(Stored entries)
BEGIN

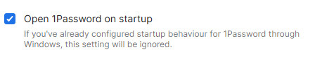 I recently noticed that ever since the last update, 1Password no longer opens on startup. I have checked my settings both in Windows and in 1Password, but it's still not opening when it's supposed to.
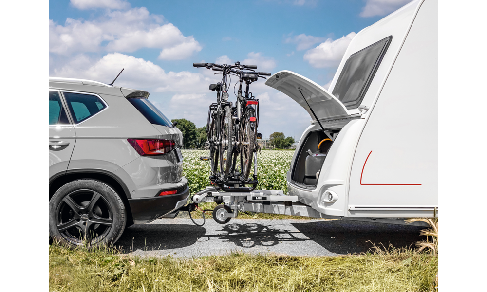Das System bietet eine Nutzlast von bis zu 60 kg und ist somit ebenfalls für die Beförderung von modernen E-Bikes geeignet. Zur Fixierung der Fahrräder stehen abnehm- und abschließbare Rahmenhalter und Spanngurte mit Ratschen zur Verfügung.
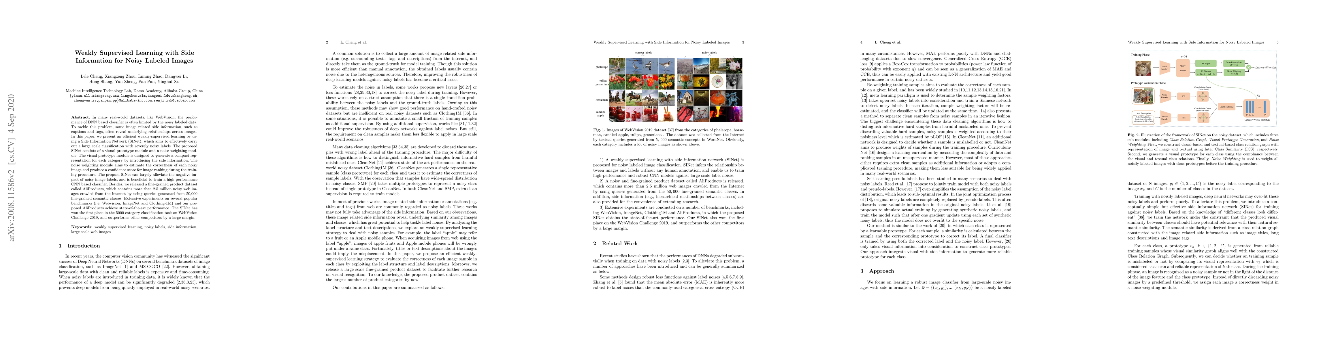 In many real-world datasets, like WebVision, the performance of DNN based classifier is often limited by the noisy labeled data. To tackle this problem, some image related side information, such as captions and tags, often reveal underlying relationships across images. In this paper, we present an efficient weakly supervised learning by using a Side Information Network (SINet), which aims to effectively carry out a large scale classification with severely noisy labels. The proposed SINet consists of a visual prototype module and a noise weighting module. The visual prototype module is designed to generate a compact representation for each category by introducing the side information. The noise weighting module aims to estimate the correctness of each noisy image and produce a confidence score for image ranking during the training procedure. The propsed SINet can largely alleviate the negative impact of noisy image labels, and is beneficial to train a high performance CNN based classifier. Besides, we released a fine-grained product dataset called AliProducts, which contains more than 2.5 million noisy web images crawled from the internet by using queries generated from 50,000 fine-grained semantic classes. Extensive experiments on several popular benchmarks (i.e. Webvision, ImageNet and Clothing-1M) and our proposed AliProducts achieve state-of-the-art performance. The SINet has won the first place in the classification task on WebVision Challenge 2019, and outperformed other competitors by a large margin.
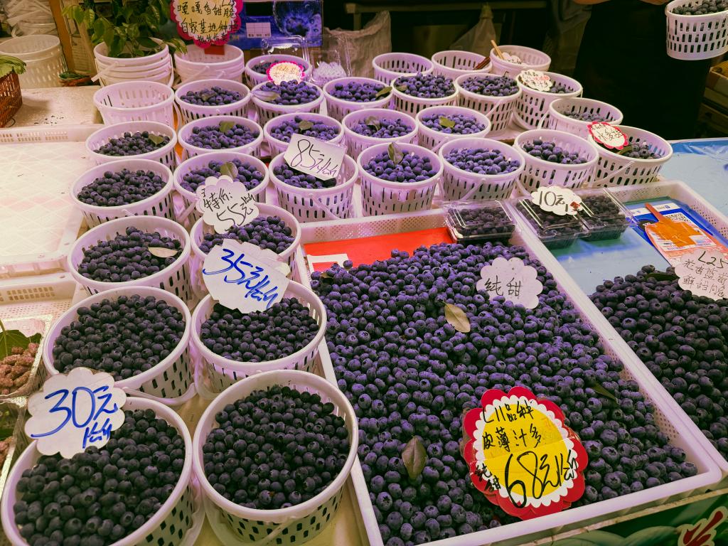 在云南昆明大观篆新农贸市场,来自澄江、蒙自等产地的蓝莓整齐摆放,近日价格集中在每公斤30元至60元区间,不少市民游客在蓝莓摊位前选购;千里之外的上海,消费者通过手机下单,次日就能收到云南直发的新鲜蓝莓,单盒125克的蓝莓价格降至十元出头。
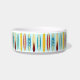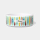 This is a heavy, durable bowl decorated with Tibbies of many colors, the perfect size for hungry/thirsty Tibs. The design is interesting and printing clear.
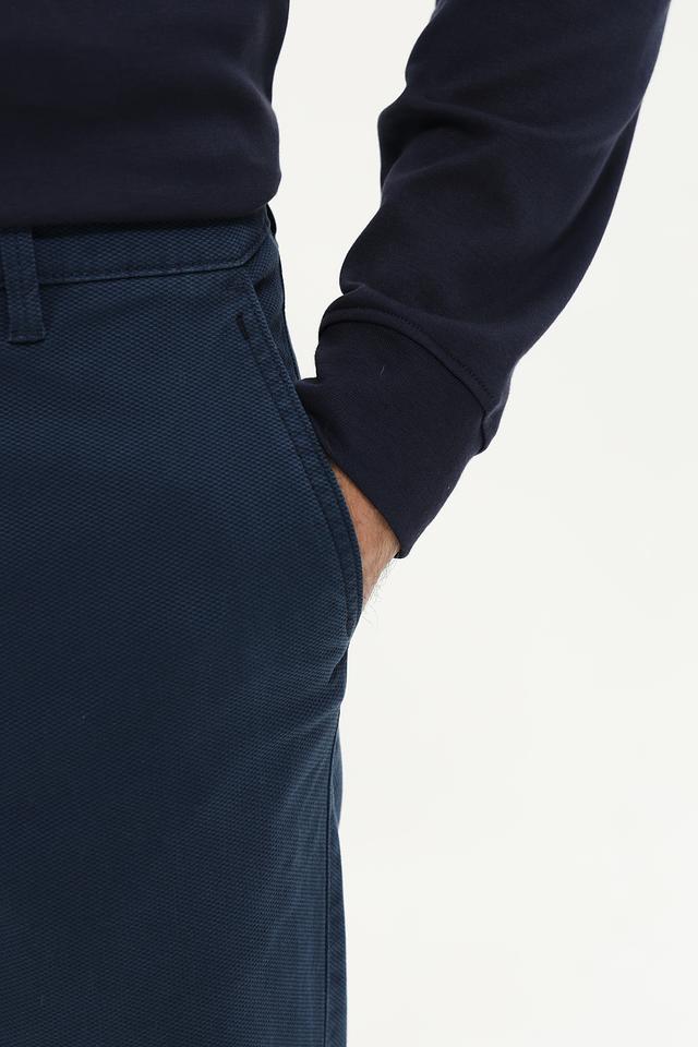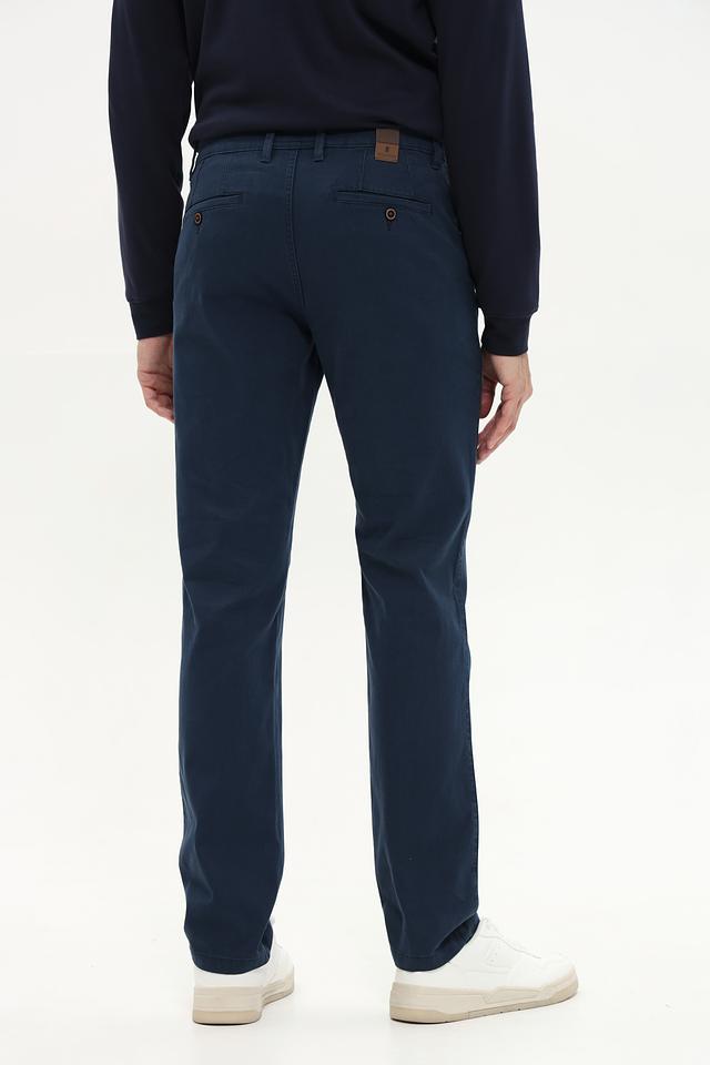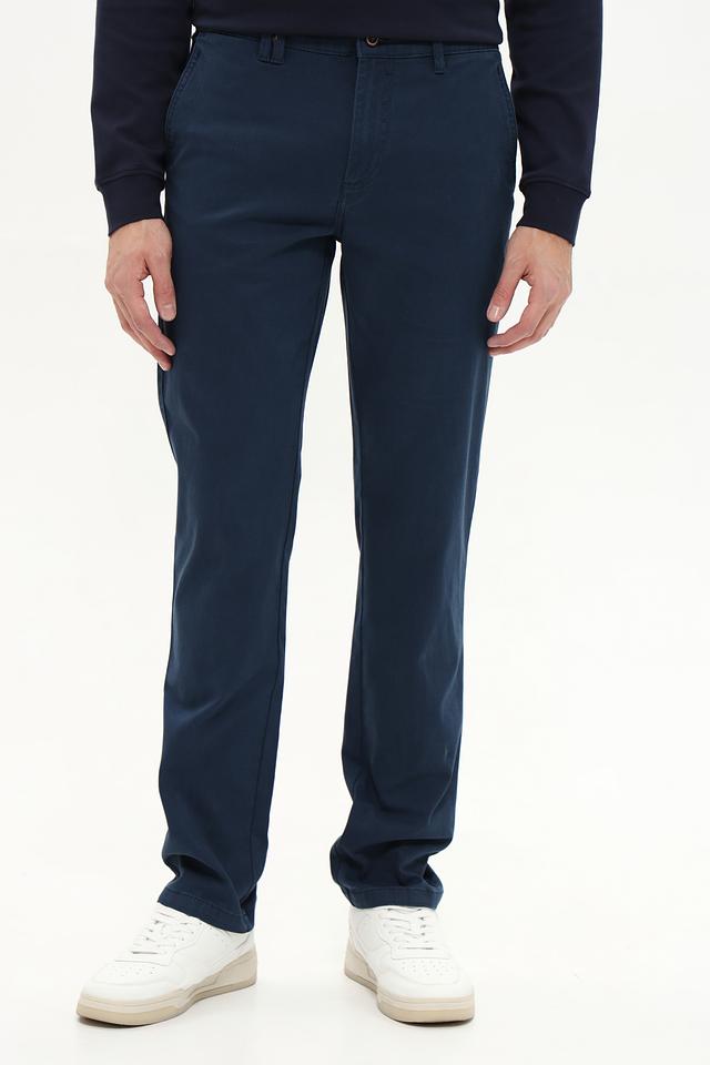 Цвет брюк – насыщенный темно-синий, который легко сочетается с различными элементами гардероба. Застежка на молнию и пуговицу, а также наличие задних карманов на пуговицах добавляют функциональности и стиля. Состав: хлопок 97%, эластан 3%.

END

Work order:
The data above should be set down again exactly, with the pictures omitted.

Response area:
 I recently noticed that ever since the last update, 1Password no longer opens on startup. I have checked my settings both in Windows and in 1Password, but it's still not opening when it's supposed to.
Das System bietet eine Nutzlast von bis zu 60 kg und ist somit ebenfalls für die Beförderung von modernen E-Bikes geeignet. Zur Fixierung der Fahrräder stehen abnehm- und abschließbare Rahmenhalter und Spanngurte mit Ratschen zur Verfügung.
 In many real-world datasets, like WebVision, the performance of DNN based classifier is often limited by the noisy labeled data. To tackle this problem, some image related side information, such as captions and tags, often reveal underlying relationships across images. In this paper, we present an efficient weakly supervised learning by using a Side Information Network (SINet), which aims to effectively carry out a large scale classification with severely noisy labels. The proposed SINet consists of a visual prototype module and a noise weighting module. The visual prototype module is designed to generate a compact representation for each category by introducing the side information. The noise weighting module aims to estimate the correctness of each noisy image and produce a confidence score for image ranking during the training procedure. The propsed SINet can largely alleviate the negative impact of noisy image labels, and is beneficial to train a high performance CNN based classifier. Besides, we released a fine-grained product dataset called AliProducts, which contains more than 2.5 million noisy web images crawled from the internet by using queries generated from 50,000 fine-grained semantic classes. Extensive experiments on several popular benchmarks (i.e. Webvision, ImageNet and Clothing-1M) and our proposed AliProducts achieve state-of-the-art performance. The SINet has won the first place in the classification task on WebVision Challenge 2019, and outperformed other competitors by a large margin.
 在云南昆明大观篆新农贸市场,来自澄江、蒙自等产地的蓝莓整齐摆放,近日价格集中在每公斤30元至60元区间,不少市民游客在蓝莓摊位前选购;千里之外的上海,消费者通过手机下单,次日就能收到云南直发的新鲜蓝莓,单盒125克的蓝莓价格降至十元出头。
 This is a heavy, durable bowl decorated with Tibbies of many colors, the perfect size for hungry/thirsty Tibs. The design is interesting and printing clear.
 Цвет брюк – насыщенный темно-синий, который легко сочетается с различными элементами гардероба. Застежка на молнию и пуговицу, а также наличие задних карманов на пуговицах добавляют функциональности и стиля. Состав: хлопок 97%, эластан 3%.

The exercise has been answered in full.